Wednesday, February 25th, 2009
posted by antrim

PRESS RELEASE
Contact: Mike Roselle -   304 854 7372
February 25th, 2009

Three arrested at protest above Shumate Dam on the Edwight Mountain Top Removal mine owned by Performance Coal

James McGuinness and Mike Roselle of Climate Ground Zero were arrested today, February 25, 2009, on Performance Coal's Edwight Mountaintop Removal site in southern West Virginia. The protesters chose to focus on the active mountaintop removal site above Marsh Fork Elementary School in Sundial, WV  on the eve of the 37th year annivesary of the Buffalo Creek Disaster.

James McGuinness and Mike Roselle of Climate Ground Zero were arrested today, February 25, 2009, on Performance Coal's Edwight Mountaintop Removal site in southern West Virginia. The protesters chose to focus on the active mountaintop removal site above Marsh Fork Elementary School in Sundial, WV on the eve of the 37th year annivesary of the Buffalo Creek Disaster. photograph by Antrim Caskey

On Tuesday, February 25, 2009, at about 2 pm, two members of Climate Ground Zero and a photojournalst were arrested during a protest above the Shumate Dam, a sludge impoundment that holds back 2.8 billion gallons of toxic coal waste in a sludge pond in southern West Virginia.  The coal waste sits above the Marsh Fork Elementary School and upriver from the towns of Whitesville and Sylvester in the Coal River Valley, about an hour from Beckley, WV.

Since 2005, local citizens have demanded that Marsh Fork Elementary School be moved to protect the children from a massive dam failure like the one that happened in Harriman, Tennessee on December 22 of last year.

“February 26th is the 37th year anniversary of the Buffalo Creek Disaster, when the Pittston Coal Company’s coal slurry impoundment dam in Logan County, West Virginia burst four days after having been declared ‘satisfactory’ by a federal mine inspector.
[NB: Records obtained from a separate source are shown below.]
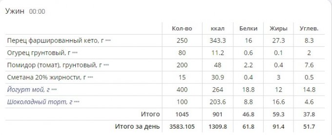 | Итого за день | 3908 | 1253 | 70 | 91 | 36 |
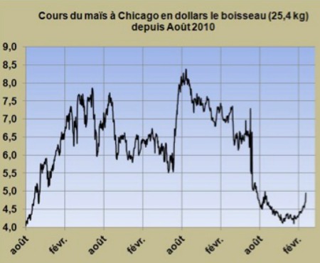 A quatre dollars le boisseau (16 US cents le kg) en Août 2010 les cours du maïs après des rumeurs de mauvaises récoltes et des accroissements de surfaces cultivées aux Etats-Unis se sont parfois emballés puis sont revenus vers ces niveaux initiaux en cette fin d’hiver 2013-2014, quoique dernièrement stimulés, semble-t-il, par les péripéties ukrainiennes.
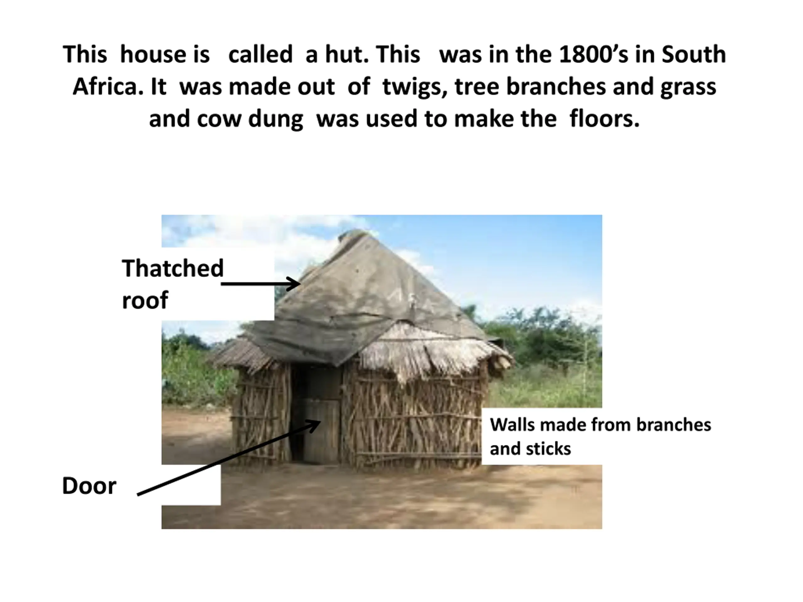 This house is called a hut. This was in the 1800s in South Africa. It was made out of twigs, tree branches and grass and cow dung was used to make the floors. Thatched roof Walls made from branches and sticks Door
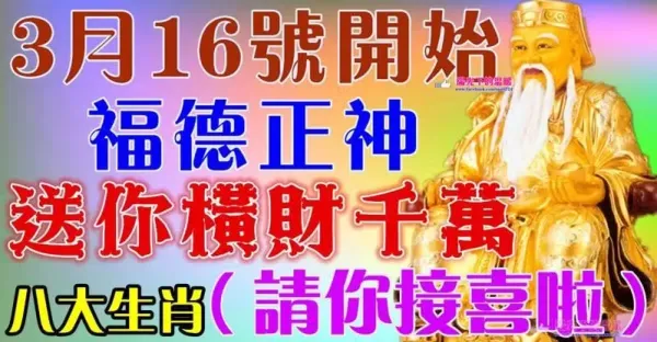 3月16號開始福德正神送你橫財千萬,八大生肖請接喜
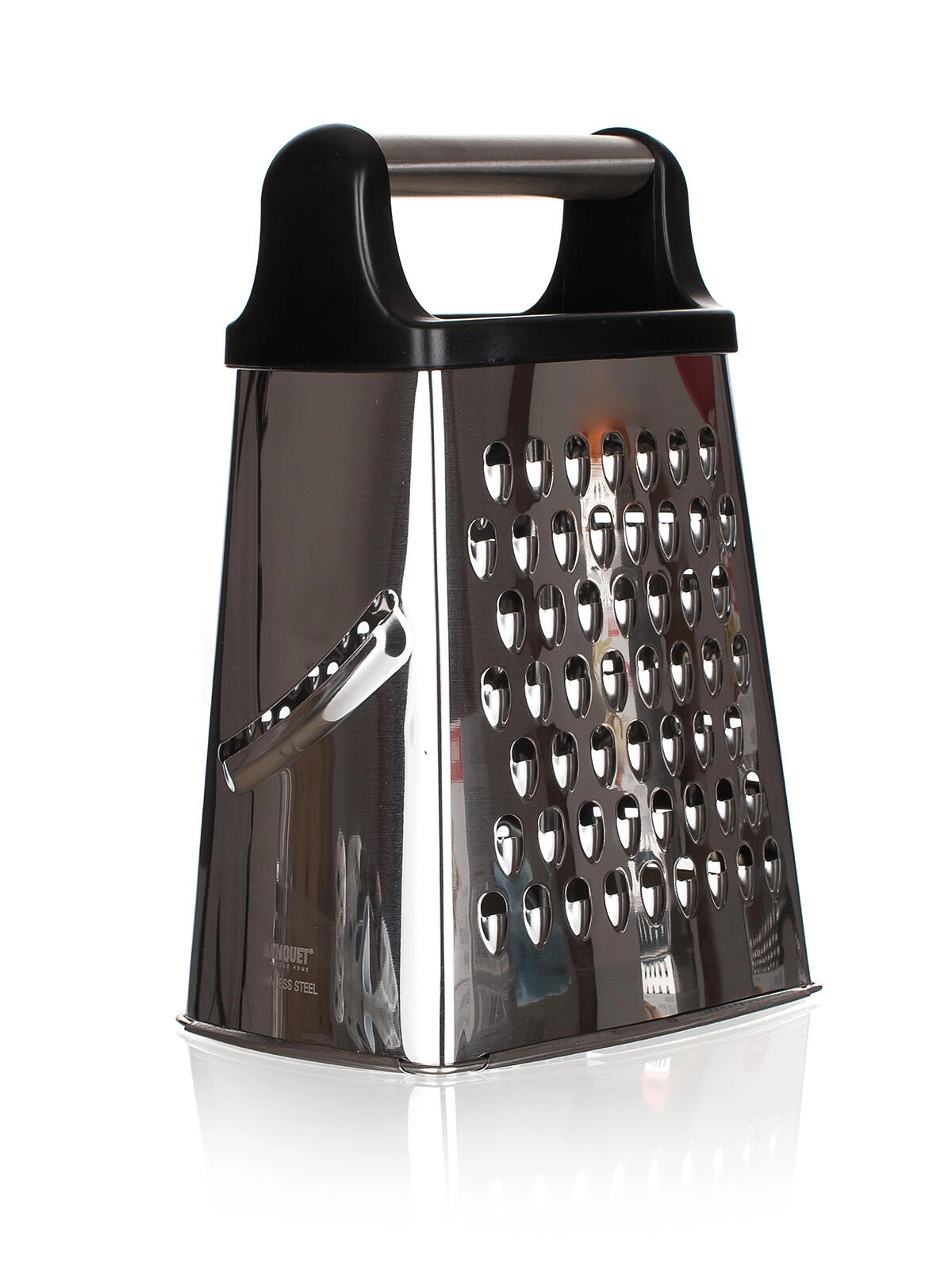 Forma stabilă de tip A asigură o așezare fermă pe blatul de lucru, în timp ce suprafața netedă din inox se curăță rapid și ușor. Răzătoarea este ideală pentru brânză, legume, fructe și ciocolată – o alegere excelentă pentru orice bucătărie de acasă.

The ensuing flood of toxic waste killed 125 people and displaced thousands more”, said Mike Roselle, of Climate Ground Zero, “We cannot allow the Shumate Dam to become another Buffalo Creek Disaster, where many lives and homes are lost and the land and water is poisoned.”
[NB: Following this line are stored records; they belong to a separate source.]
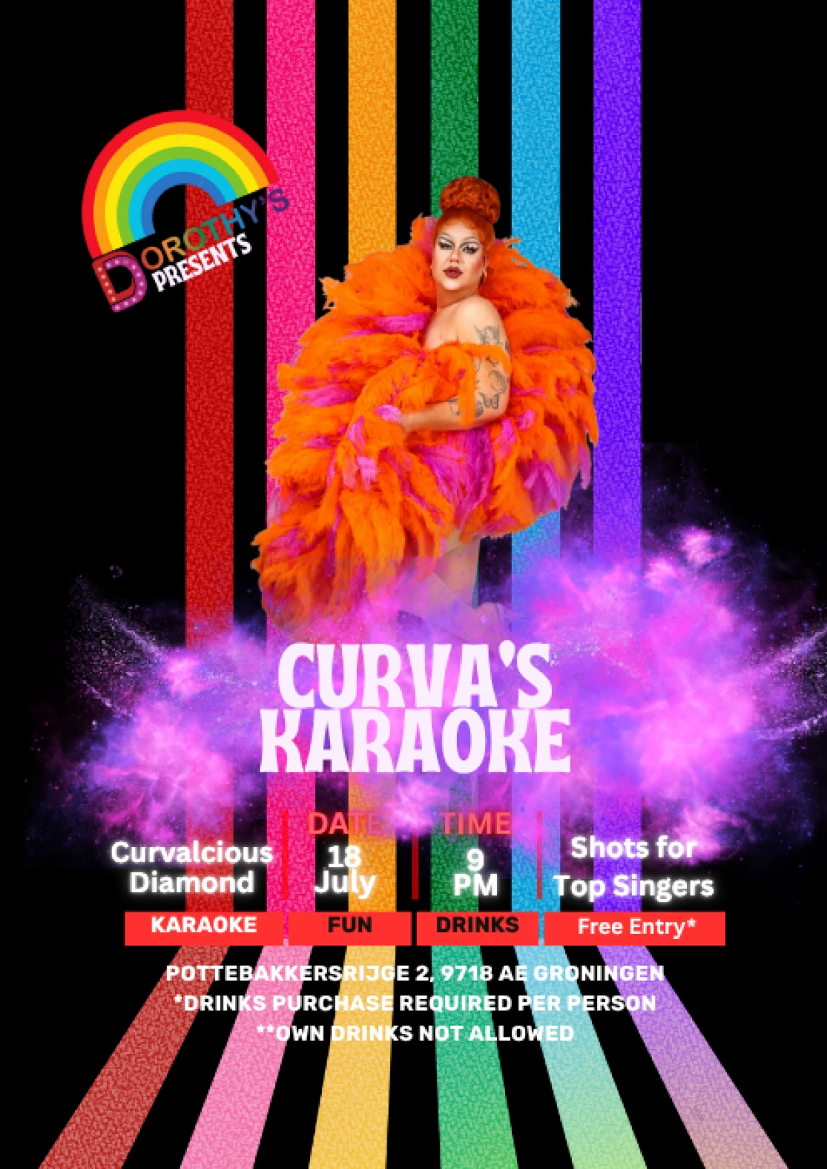 There has been a gay bar in this location for a long time, but since 2022, it has been taken over by Wayne and Andy under its current name. They have transformed it into the LGBTQI+++ and drag show bar of the north of the Netherlands. Weekly events include Drag Night, Bingo, and Karaoke evenings. Naturally, there is partying until late on Fridays and Saturdays.
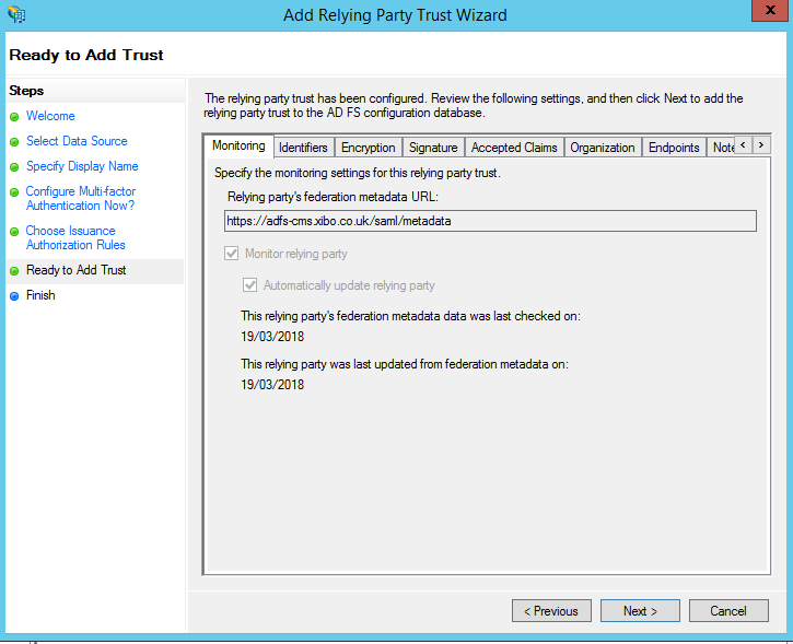 There are various advanced options presented, most of which are out of the scope of this guide. Please select the options you require. In my case, I choose I do not want to configure multi-factor authentication settings for this relaying party trust at this time and Permit all users to access this relaying party when prompted.
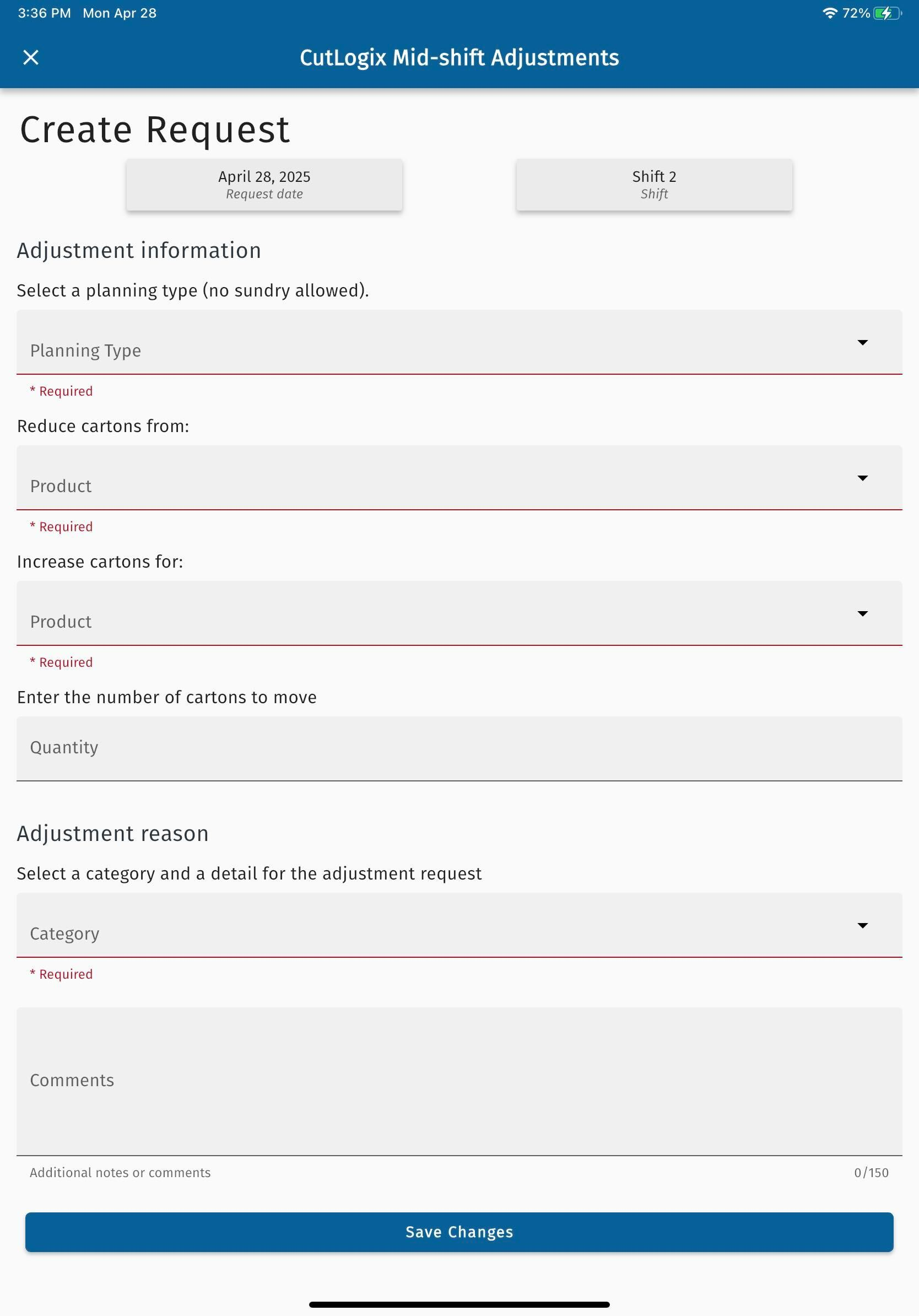 • Category: The reason the mid-shift adjustment is being requested, selected from a pre-populated list of categories.

“This dam is unsafe, and the continuing blasting on Clay’s Branch has to stop”, said James McGuinness. “It is illegal, it is immoral, and it puts the lives of people nearby at risk both from flying rock and debris and from the toxic dusts that falls on their homes and gardens.”

“They have no right to destroy this mountain and put more unsafe material behind this unstable dam,” said Mike Roselle. “If the blasting continues, and the Shumate Dam was to fail, thousands of West Virginians would die.”
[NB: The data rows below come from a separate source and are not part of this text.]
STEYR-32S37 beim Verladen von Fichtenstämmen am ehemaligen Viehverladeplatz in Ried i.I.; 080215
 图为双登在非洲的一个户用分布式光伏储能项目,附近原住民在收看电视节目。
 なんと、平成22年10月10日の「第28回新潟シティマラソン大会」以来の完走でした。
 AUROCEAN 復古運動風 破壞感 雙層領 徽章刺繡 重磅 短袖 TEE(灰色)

Clays Branch is part of Cherry Pond Mountain, which stretches east along Rt 3 to Bolt Mountain (Rt 99).  Clays Branch is located behind Marsh Fork Elementary School, above the 2.8 billion gallon sludge pond at Shumate and up the left hand fork of Shumate hollow.  There is massive MTR  blasting currently ongoing –next to an unstable sludge dam, above an elementary school and surrounded by mountain communities.